Epigaea.

Botanical name: 

The leaves of Epigaea repens, Linné (Nat. Ord. Ericaceae). A small, trailing, shrubby plant of the eastern half of the United States. Dose, 5 to 60 grains.
Common Names: Trailing Arbutus, Gravel Weed, Gravel Plant, Ground Laurel, Mayflower.

Principal Constituents.—The glucosides arbutin (C12H16O7), urson (C20H52O2), and ericolin (C26H30O3); and tannin.
Preparation.—Specific Medicine Epigaea. Dose, 5 to 60 drops.

Specific Indications.—Uric and lithic acid deposits; debilitated and relaxed bladder, with mucus in the urine; irritable vesical membrane; voiding of urine containing blood or muco-pus.

Action and Therapy.—Trailing arbutus is a useful diuretic when the urine is loaded with deposits of red, sandy material, mucus or muco-pus. It renders the urine less irritating, and is valuable to relieve irritation of the mucous membranes, vesical tenesmus, dysuria, and strangury.

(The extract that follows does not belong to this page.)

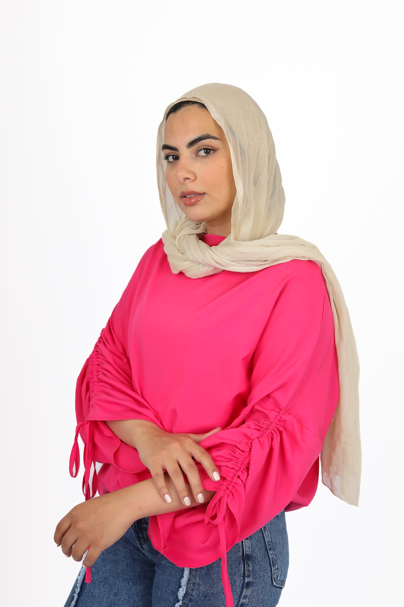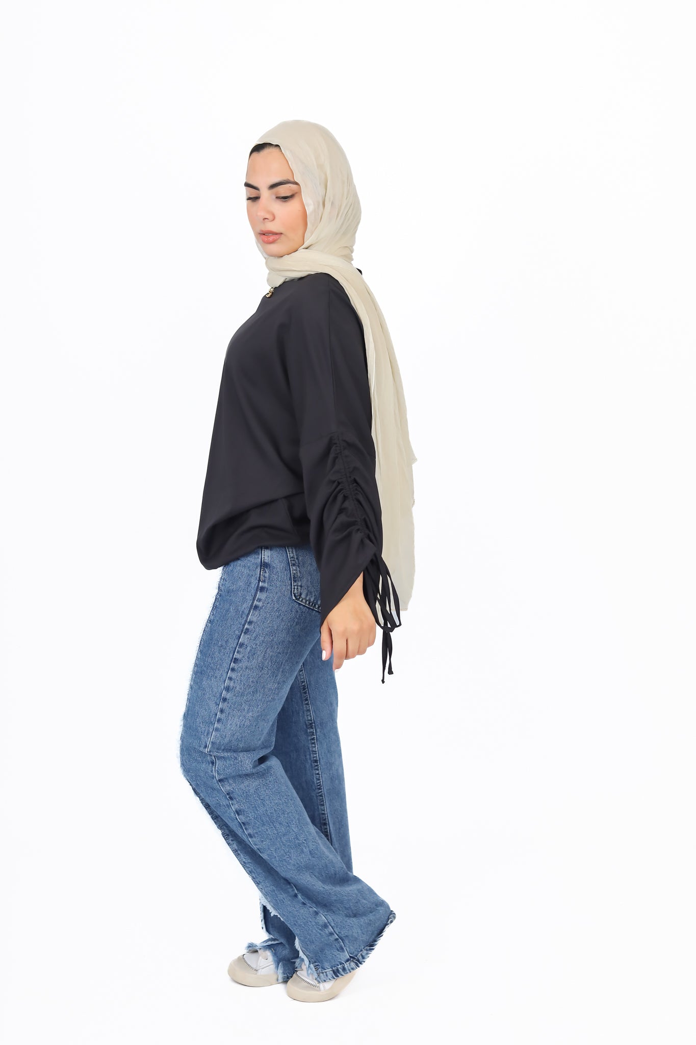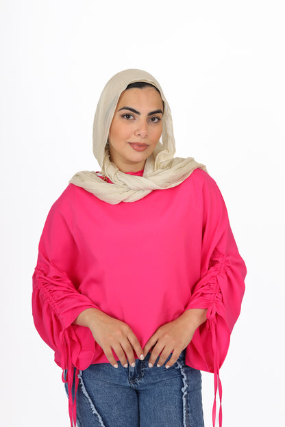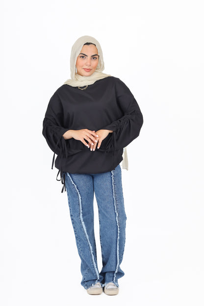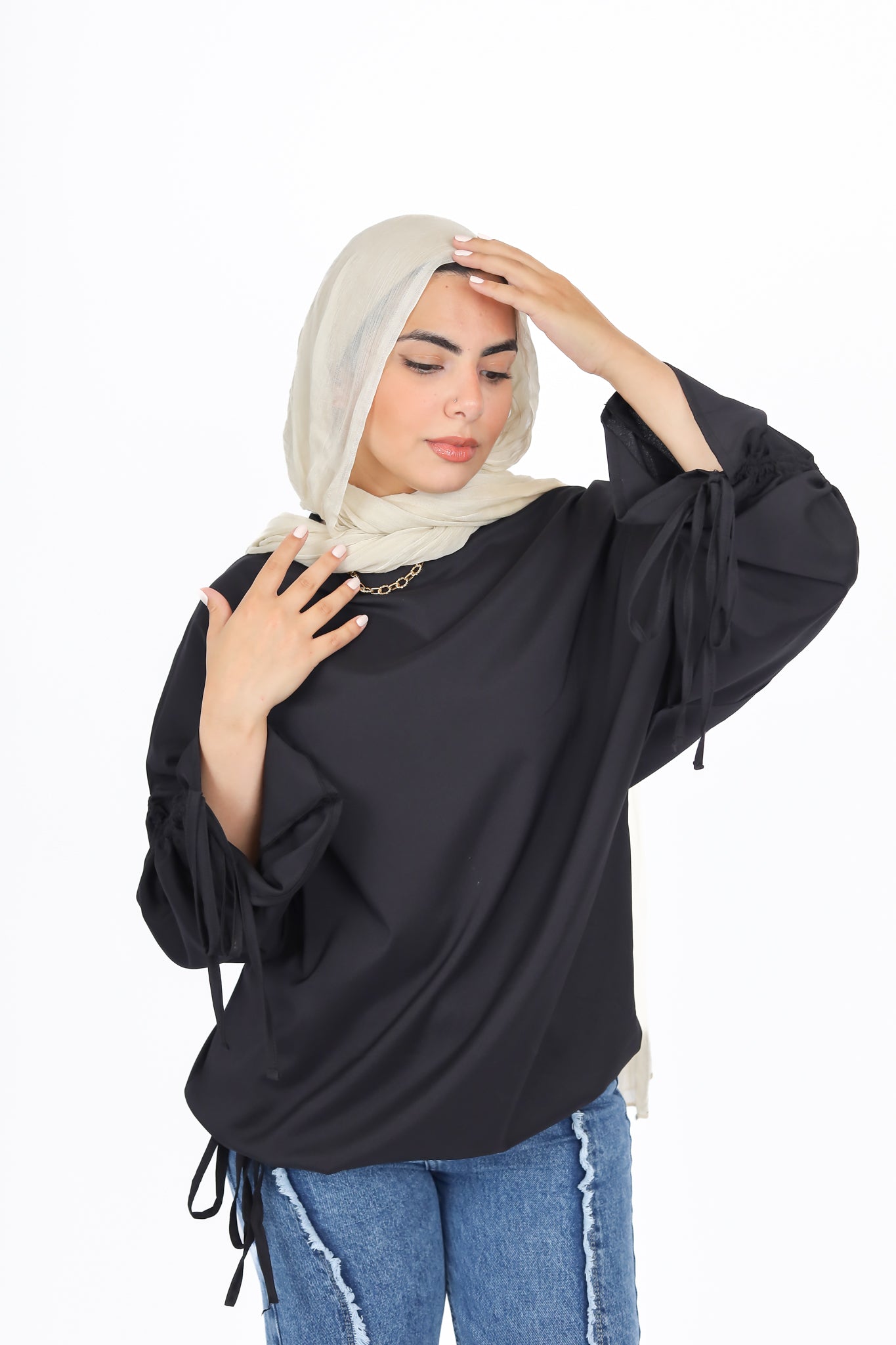 cotton soft blouse with elastic ends and sleeves and top hemline for easily adjustable

The urine is of higher than normal gravity and may contain, besides deposited salts, lithic acid gravel and broken down blood. It is especially useful where the bladder wall becomes dense and irritated and the condition easily lapses into a chronic muco-purulent cystitis. The specific medicine or the fluidextract may be given in hot water.

Trailing arbutus is one of the plants fast disappearing from our flora, owing to its reckless gathering by wood-despoiling vandals. Thus a beautiful wild flower, as well as a good medicine, is threatened with extermination.